Post by CrowsNest » Sat Oct 20, 2018 9:39 am

ArbCom has now officially refused to see anything wrong in what happened over how the appropriateness of Guy Chapman's disgusting essay was discussed, or anything in their remit which compels them to step in and overrule the community.....

https://en.wikipedia.org/w/index.php?title=Wikipedia:Arbitration/Requests/Case&oldid=864829040#Statement_by_Pudeo

This is such a monumental mistake, even Banedon spotted it. Banedon! You know you fucked up if even Banedon can explain how you fucked up. Not the brightest tool in the box, him. But every word of this is true.....
I think Arbcom should accept the case. A significant number of people were offended by the essay. The rationale behind declining the case is, the solution from the previous dispute resolution is sufficient - but that solution is "JzG did nothing wrong and Obsidi should not feel offended", which is hardly a solution. The people offended are still going to be offended. By having an Arbcom case, this dispute can be resolved even if the result is the same (sort of like how I'd be more satisfied if a lower court rules against me, but I appeal and the higher court still rules against me).

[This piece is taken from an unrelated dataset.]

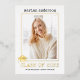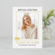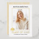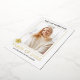 Class of 2023 typewriter real gold foil graduation photo invitation. The back includes a gold and white pattern with stripes.

The dispute should be within Arbcom's remit - it's about JzG's conduct in writing the essay. Remember a case doesn't have to result in sanctions. Even if Arbcom finds against JzG, it can amend the essay instead of sanctioning JzG.

There's also one thing to be said about the MfD: Alex Shih effectively had only two choices, to delete or not to delete. He couldn't have said something like, "you can keep most of it but delete this sentence". Arbcom can.

In short: accept the case since it will resolve the dispute. If Arbcom does not accept the case, the only way this dispute will be resolved is if the people who were offended stop being offended, which is not realistic. Banedon (talk) 01:52, 19 October 2018 (UTC)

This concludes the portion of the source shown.